Home Hacking News Russian Hackers Exploited the Zero-Day and Microsoft Patches them

Russian Hackers Exploited the Zero-Day and Microsoft Patches them

by Unallocated Author

On the tuesday of this week Microsoft announced 14 security issues. In this 14, two are highly active and exploits and bugs for this are publicly available.

One of the above mentioned dangerous ones was patched with MS16-135, a bulletin rated important. This MS16-135 fixes two information disclosure and a three privilege escalation flaws, one of these is a Windows kernel bug exploited in attacks by a Russia-linked cyber espionage group to elevate privileges and escape the browser sandbox.

The zero-day, tracked as CVE-2016-7255, was reported to Microsoft by Google researchers on October 21 and it was disclosed by the search giant ten days later. Google typically gives vendors a few months to patch vulnerabilities, but the deadline is only 7 days for flaws exploited in the wild.

While Google decided that it would be in the best interest of users to disclose the vulnerability, Microsoft disagreed and criticized the company for putting its customers at risk. Microsoft said the vulnerability had been exploited in a low-volume spear-phishing campaign by the threat group known as Pawn Storm, APT28, Fancy Bear, Sednit, Sofacy and Tsar Team.

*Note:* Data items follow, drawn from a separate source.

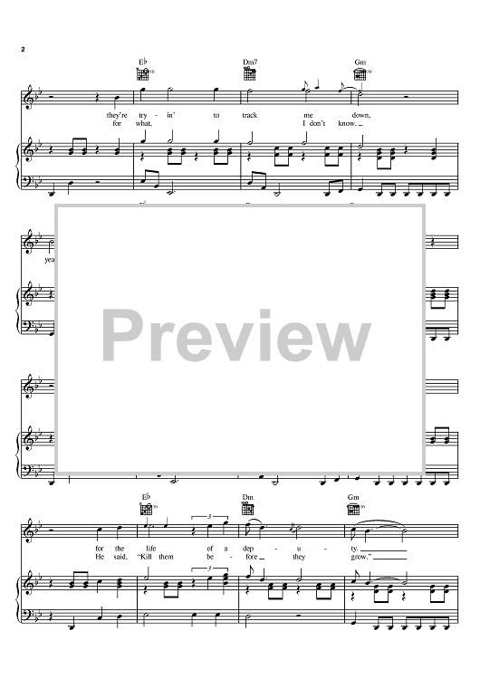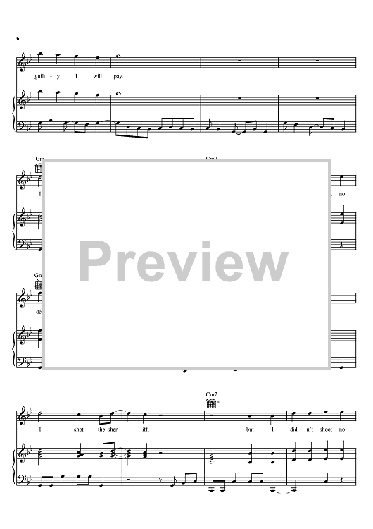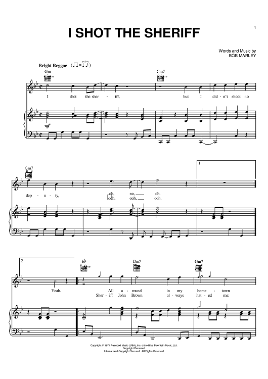 Digital Sheet Music for I Shot The Sheriff by Eric Clapton, Bob Marley, Warren G scored for Piano/Vocal/Chords; id:370173
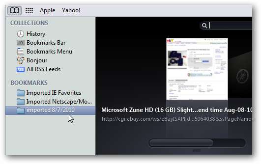 Die Seitenleiste Alle Lesezeichen anzeigen wird geöffnet und zeigt den soeben importierten Lesezeichenordner sowie die Bildvorschau an.
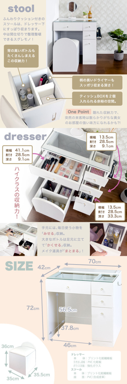 | 材質 | 【ドレッサー】 本体:プリント化粧繊維板 引出し前板:PVC化粧板 天板:強化ガラス 【スツール】 本体:プリント化粧繊維板 座面:PVC(合成皮革) |
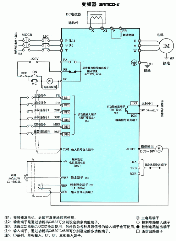 一、Samco-e系列迷你型的特點 ● 外形小型化設計,安裝方便。 ● 標準配備調節(jié)頻率用電位器,操作簡便。 ● 可方便地將操作面板引出。 ● 具有6路外部輸入多功能控制端子。 ● 含V/f分離功能,適用于特殊的應用場合。 ● 全系列均含制動單元(制動電阻為選購件)。 ● 具有過電流、過載、欠壓、過壓、輸入及輸出缺相、散熱器過熱等多種保護功能。 ● 具有自動節(jié)能功能,可實現(xiàn)電視高效率節(jié)能運轉。 ● 標準配備RS485通訊接口。 ● 內(nèi)置PID控制功能,便于實現(xiàn)閉環(huán)控制。 ● 變更數(shù)據(jù)查詢功能:可以簡單檢索變更了的數(shù)據(jù)。 ● 數(shù)據(jù)的復制功能(需選購SAMCO-Um05操作面板)。 二、端子接線圖
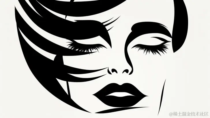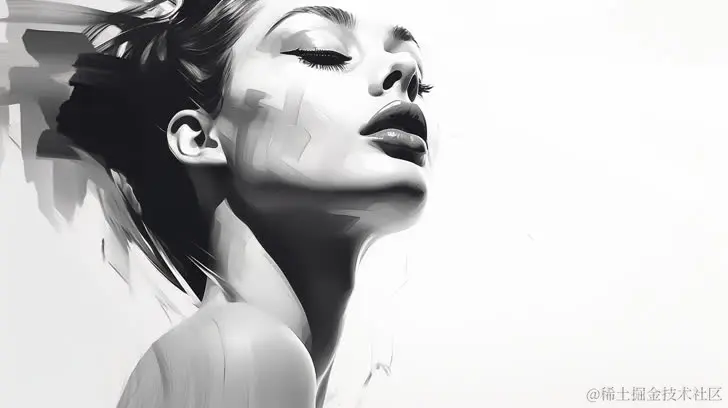 在这一女性面部的照片插图中,以优雅的负空间和刷子的巧妙运用为特色。黑白的配色,镶嵌着纯银的亮点,结合了芭蕾学院和动态写实的动画元素,呈现出一种独特而充满魅力的图像。
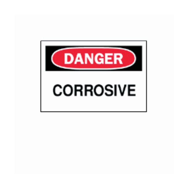 Bright colors and bold text provide high visibility to critical messagesSign reads DANGER CORROSIVEBlack/red on whiteDesigned to withstand harsh industrial environmentsAvailable in different sizes and materialsB-401Plastic — high-impact polystyreneB-120Premium fiberglass — fiberglass reinforced polyesterB-302Self-sticking polyester — surface printed polyester, polyester overlaminate and sensitive acrylic
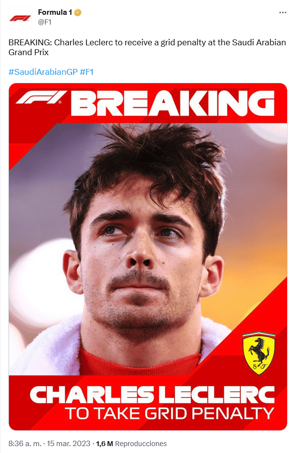 ¡Castigado! El piloto de la escudería Ferrari, Charles Leclerc, fue sancionado este miércoles, según informó la Fórmula 1 (F1), después de que se detectara una anomalía en los controles electrónicos de la unidad de potencia de su vehículo en el Gran Premio de Bahrein, los cuales fueron sustituidos.En la carrera, el piloto monegasco abandonó con una pérdida de potencia, y poco después se supo que los controles electrónicos fueron la razón por la que protagonizó el primer retiro para la escudería italiana en la temporada de F1 2023.El director de Ferrari, Fred Vasseur, confirmó que la unidad de controles electrónicos volverá a ser cambiada, por lo que Leclerc recibirá su primera penalización de 10 puestos en la parrilla de salida para el Gran Premio de Arabia Saudita, el cual se corre este fin de semana.Luego de que se corriera la primera carrera de la temporada de la F1 2023, el Gran Premio de Bahrein, en la que el vencedor fue el bicampeón del mundo Max Verstappen, Charles Leclerc, que abandonó la competencia, se ubicó en el lugar 19 de la clasificación de pilotos, por lo que será importante lo que pueda hacer pese a la sanción este domingo.OF
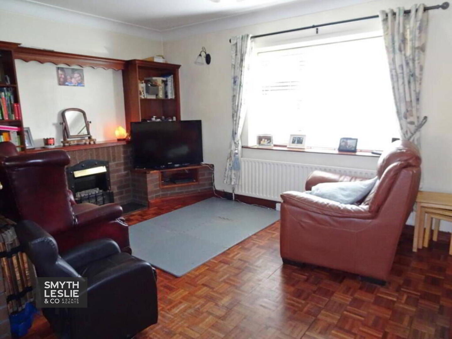 Lounge: 15`10 x 10` Brickwork fireplace surround, block wood floor,ceiling cornice and centrepiece.

The vulnerability affects Windows Vista through Windows 10 Anniversary Update, but new mitigations prevent exploitation against the latter. The same attacks also leverage a Flash Player vulnerability that Adobe patched on October 26.

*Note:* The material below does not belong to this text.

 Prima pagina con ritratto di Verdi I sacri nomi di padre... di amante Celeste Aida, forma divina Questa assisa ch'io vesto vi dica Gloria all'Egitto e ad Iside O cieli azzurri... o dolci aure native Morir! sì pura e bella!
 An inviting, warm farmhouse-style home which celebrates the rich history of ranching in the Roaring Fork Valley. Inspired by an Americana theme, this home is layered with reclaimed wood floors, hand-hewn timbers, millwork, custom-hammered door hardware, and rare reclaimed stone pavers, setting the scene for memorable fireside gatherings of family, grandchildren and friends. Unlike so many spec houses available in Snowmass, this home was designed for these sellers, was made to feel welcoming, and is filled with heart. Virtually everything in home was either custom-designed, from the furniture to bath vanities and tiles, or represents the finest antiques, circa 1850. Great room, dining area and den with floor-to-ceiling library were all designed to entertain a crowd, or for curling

This is not the only zero-day vulnerability patched by Microsoft on Tuesday. The critical security bulletin MS16-132 addresses several issues related to the Windows Media Foundation, the Windows Animation Manager and OpenType fonts, including a remote code execution vulnerability (CVE-2016-7256) caused due to the way the Windows font library handles specially crafted embedded fonts.

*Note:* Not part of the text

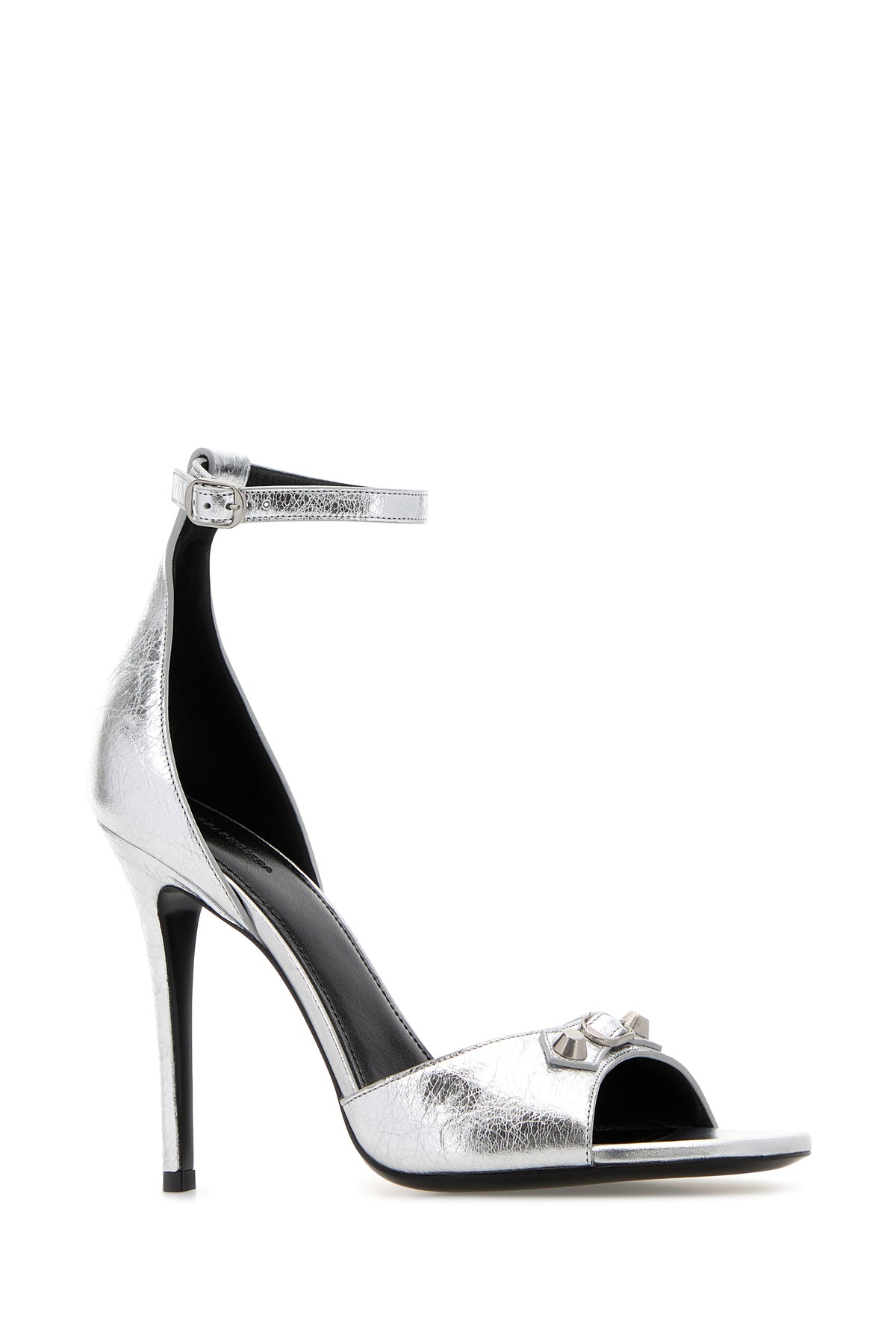 Sandals realized in laminated leather enriched by metal studs on the decorative strap on the instep.

The vulnerability has been exploited in the wild, but Microsoft has not shared any details on these attacks. The company said the flaw can be exploited via specially crafted websites or documents that victims must open in order to trigger the exploit.

Microsoft also patched a couple of vulnerabilities that have not been exploited in the wild, but for which exploits are publicly available. This includes a browser information disclosure vulnerability (CVE-2016-7199) and an Edge spoofing flaw (CVE-2016-7209) – both fixed with MS16-129.